In the assignment we will be using GRASS GIS 7.8 and Agisoft Metashape Professional Course logistics webpage for links to software in case you don't have it installed already.

Agisoft Metashape part

Processing multispectral drone imagery

Add photos to chunks

Click Workflow->add folder-> RGB folder
In the Workspace pane right click on Workspace and select “New chunk” from the dropdown menu. Double click at the new chunk in the Workspace pane (it will appear bold when active)
Click Workflow->add folder-> RED folder
Rename your Chunks by right-clicking on Chunk 1 > Rename. Change the name of the RGB chunk (Chunk 1) to “RGB” and the RED chunk (Chunk 2) to “RED”. Each chunk includes a sub-category Cameras, which contains a list of the loaded images. The chunks contain photos taken during the site survey as well as images captured during the ascent and the descent of the drone. You do not need the images from the ascent and descent

Camera calibration

Note: this step is only completed for the RED dataset:
Click Tools > Camera calibration
to correct Black level. This setting adjusts the color contrast in the images. On the left side of the dialogue, choose the Sequoia Camera (if it is not already selected). Go to the main panel and choose the Bands tab. Change the Black level from 4819.9 to 0, and click OK.

Aligning photos

To exclude images from the ascent and descent, you can manually select them from the list using the image numbers below and then right-click Photos > Disable Camera. You may note that some additional photos are disabled. These photos have also been excluded from the alignment.
  • For RGB: select images 0005 to 0065 (ascent) and images 0180 to 0206 (descent).
  • For RED: select images 0004 to 0022 (ascent) and images 0180 to 0206 (descent).
Click on Workflow > Align Photos 
to align the photos. (you need to align the RED chunk and RGB chunk separately by activating each one of them)
  • Accuracy: RGB: Low, RED: Medium
  • Generic Preselection: Yes
  • Reference Preselection: Yes (drop-down at the right: source)
  • Key point limit: 40,000
  • Tie point limit: 4,000
  • Adaptive camera model fitting (Advanced Settings): Yes

Optimizing sparse point cloud

The result of the alignment process is a sparse point cloud, which contains tie points of the aligned photos. Tie points are locations or objects that are visually recognizable in the overlap area between two or more images.
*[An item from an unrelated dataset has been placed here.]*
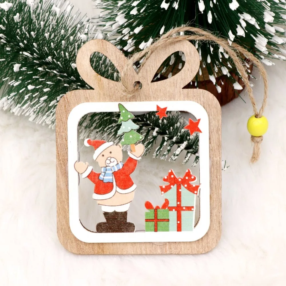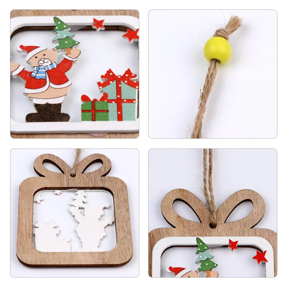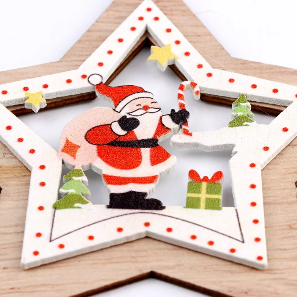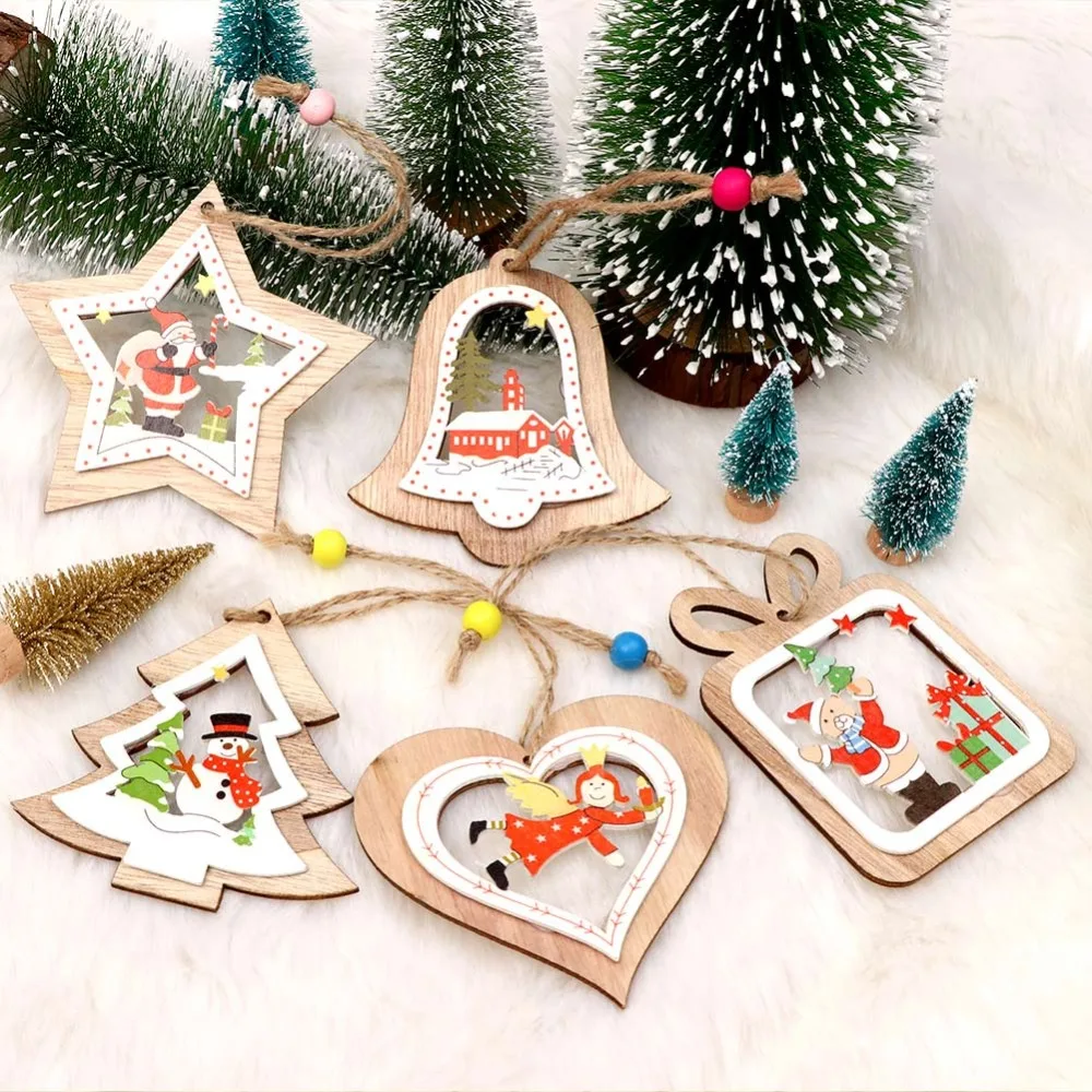 OurWarm New Year 2019 Wooden Christmas Ornaments 5 Style Rustic Christmas Tree Decoration Pendant Christmas Gifts Tags Crafts

The tie points contain three different measures of accuracy: reprojection error, reconstruction uncertainty, and projection accuracy. Detailed descriptions of these three parameters are provided in the Agisoft user manual. For the purposes of this exercise, it is sufficient to know that Agisoft is able to calculate these three accuracy parameters, and you can optimize the sparse cloud by using the Gradual Selection tool to identify and delete points with high error according to the values of the accuracy parameters. You want to delete points with low Reconstruction Uncertainty values before moving on to the next steps. To do this:
Click Model > Gradual Selection 
to optimize the sparse cloud. In the dropdown menu, choose Reconstruction Uncertainty. You can decrease or increase the uncertainty value of the points by sliding the button from left to right. After clicking OK, you can zoom in and out of the point cloud to inspect the points and see which points have been highlighted as you change the level of reconstruction uncertainty. Set the levels as indicate below then click OK.:
  • RGB: 16.0
  • RED: 44.0
Click Delete on the keyboard to remove the selected points. The last step is to adjust the camera positions and correct the point cloud.
Click Tools > Optimize Cameras. 
Leave all settings as default and click OK.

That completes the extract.